Selain itu, dengan semakin membaiknya sektor infrastruktur, selain berdampak pada kemajuan suatu komunitas, juga akan berdampak pada semakin majunya wilayah tertentu. Pusat-pusat kegiatan baik administratif maupun jasa akan berkembang seiring dengan majunya suatu wilayah tertentu. Hal yang bisa dilakukan dalam hubungannya dengan perbaikan sektor rumah tangga adalah mendorong pemerataan tingkat pendapatan. Dengan membaiknya pendapatan rumah tangga akan berdampak luas, baik untuk sektor industri, PAD suatu daerah, dan rumah tangga itu sendiri.

Pembangunan tiga sektor tersebut akan semakin mudah dengan didukung oleh kemauan untuk merubah individu yang bersangkutan. Hal ini bisa dilakukan misalnya dengan perbaikan kualitas SDM. Dengan semakin baiknya kualitas SDM individu maka akan menambah daya saing antara individu satu dengan lainnya. Sehingga perekonomian akan semakin baik sejalan dengan membaiknya kualitas individu.

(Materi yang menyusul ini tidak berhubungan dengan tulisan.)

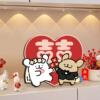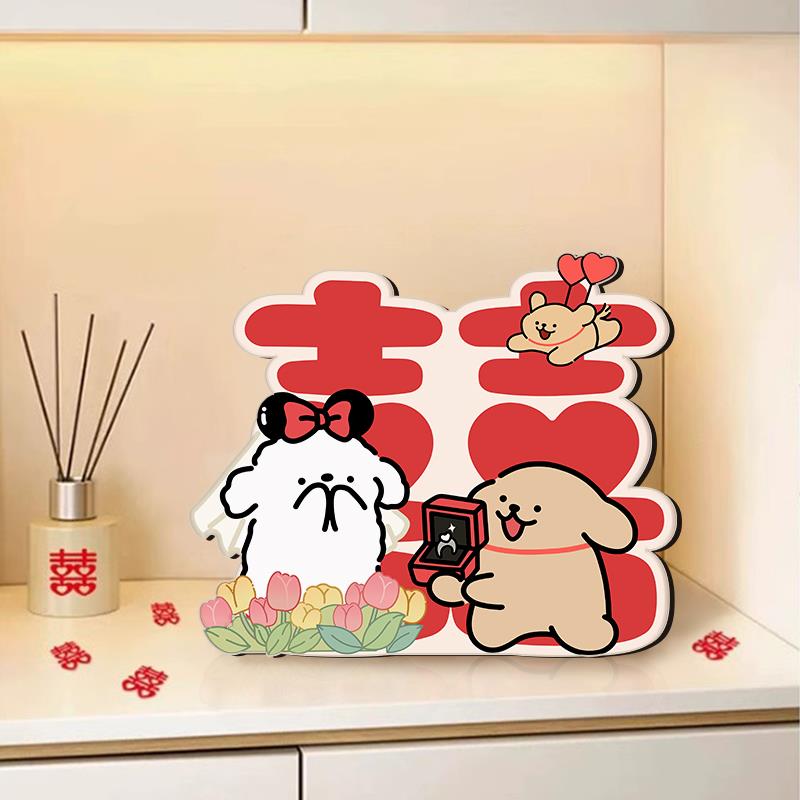 可爱线条小狗囍字摆件情侣订婚桌面摆台新婚结婚婚房布置装饰礼物

Banyak penelitian yang sudah membahas mengenai faktor penyebab kemiskinan. Salah satunya dilakukan oleh Rokhana dan Sutikno (2010). Rokhana dan Sutikno meneliti mengenai permodelan spasial pada hubungan antara aset kehidupan masyarakat Jawa Timur dalam memenuhi kebutuhan pangan terhadap kemiskinan. Dari hasil penelitian yang dilakukan terlihat bahwa salah satu faktor dominan yang berpengaruh pada kemiskinan perdesaan adalah kepemilikan aset. Kemudian Rumiati dkk (2005) melakukan penelitian penyusunan indikator kemiskinan untuk wilayah perkotaan dengan metode analisis faktor, kluster, dan diskriminan. Variabel-variabel pembentuk indikator tersebut di antaranya rata-rata pengeluaran per kapita/bulan, rata-rata pengeluaran non makanan per kapita/bulan, sewa kontrak perumahan/kapita/tahun, aneka barang dan jasa/kapita/bulan, pakaian, alas kaki, dan tutup kepala/kapita/tahun, pengeluaran untuk nilai listrik/bulan, pengeluaran untuk listrik/telepon/air/BBM untuk memasak dll/bulan, luas lantai, pengeluaran untuk konsumsi daging/kapita, pengeluaran untuk ikan/kapita. Kriteria penentuan penduduk miskin yang berbeda maka mempengaruhi kebijakan yang diberikan kepada daerah masing-masing. Suatu analisis permodelan regresi untuk mengetahui faktor-faktor yang mempengaruhi angka kemiskinan yang dipengaruhi oleh karakteristik wilayah adalah sangat penting. Permodelan tersebut adalah model spasial. Pengamatan di wilayah tertentu dipengaruhi oleh pengamatan di lokasi lain.